KLタワーは1日あたり1,000―1,500人の来場者があり、そのほとんどが外国人観光客。LSHSMのカイリル・ファイザル・オスマン最高経営責任者(CEO)は「今年は100万人の来場者数を目指す」としている。
(フリー・マレーシア・トゥデー、4月26日、エッジ、ベルナマ通信、4月25日)

GDP予想は下方修正の必要も拙速は避ける=中銀総裁

【クアラルンプール】 中央銀行バンク・ネガラ(BNM)のアブドル・ラシード総裁は、米ワシントンで開催中の世界銀行・国際通貨基金(IMF)春季会合で、関税、貿易の先行き不透明感から、国内総生産(GDP)成長予想を下方修正する必要が生じるとの認識を示した。しかし修正は急がず、世界貿易の展開を見定めるという。BNMは4.5-5.5%の成長予想を立てていた。ロイターが伝えた。

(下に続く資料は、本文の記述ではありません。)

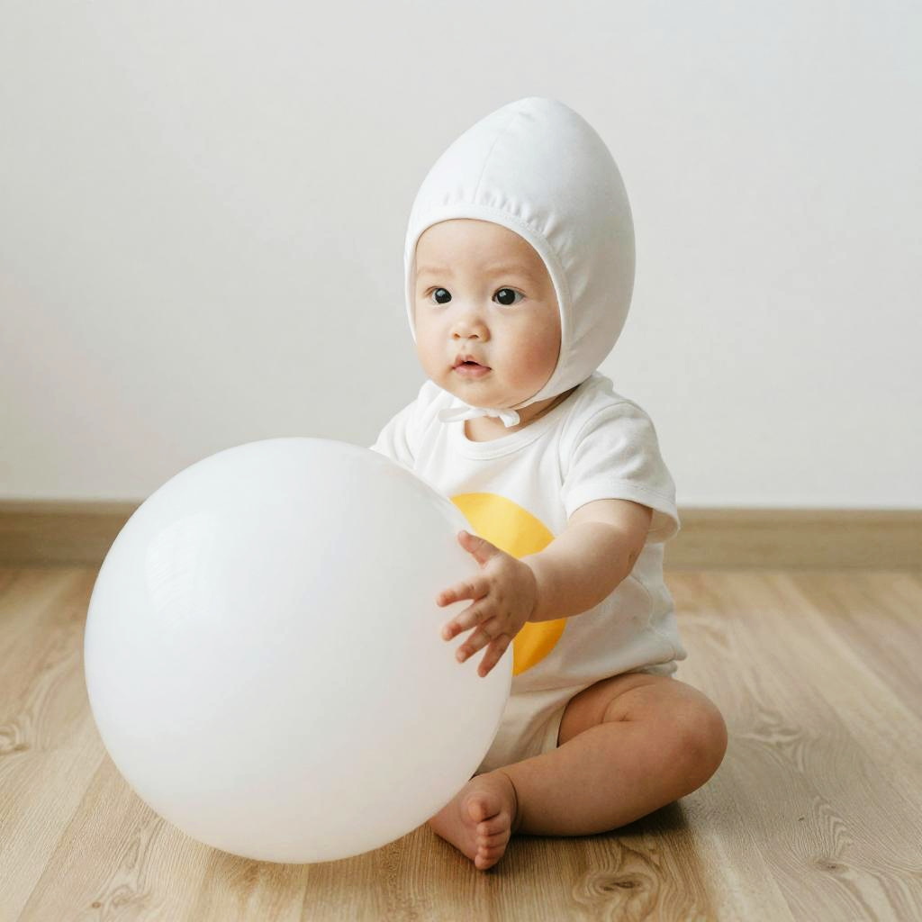 Cute Asian baby wearing a white egg-shaped costume hat and white sleeveless outfit, sitting on the floor and holding a large white ball. The baby is posed against a plain white background, emphasizing the minimalist and playful theme.

トランプ米国大統領が発表した関税措置をめぐり、テンク・ザフルル投資貿易産業相とアミル・ハムザ第2財務相が訪米中で、ジェイミーソン・グリア通商代表と会談する。交渉がまとまらなければ、マレーシアの対米輸出は7月から24%の関税が適用される。

現在3%に設定している政策金利についてアブドゥル・ラシード氏は「経済成長に望ましい水準であり、インフレ見通しを考慮している。重要なのは物価の安定で、金融政策が不確実性を増幅する事態は望まない」と述べた。
(エッジ、ザ・スター電子版、4月24日)

鉄道資産所有会社が日立レールと覚書、技術者千人を育成

【ペタリンジャヤ】 公共輸送機関の資産を所有する国営プラサラナ・マレーシアは日立レールの協力のもと、鉄道およびスマートモビリティー領域の技術者を育成するプログラムに着手する。5年間で1,000人を受け入れる。覚書締結が23日、行われた。

授業は11月に開始の予定で、電気バス作業、所有車両の保守、サイバーセキュリティーが重点分野。参加者には国が認めた技能証書が授与される。学習期間は9-12カ月で、座学、技術研修、現場学習で構成。1年間に200人を受け入れる。

日立レールは日立製作所の鉄道システム事業を担う会社。実際の支援には日立レールGTSが当たる。

プラサラナのアズハルディン最高経営責任者(CEO)は「鉄道だけでなく、人も創る。輸送システムの転換を主導する技術を身に着けさせる」と述べた。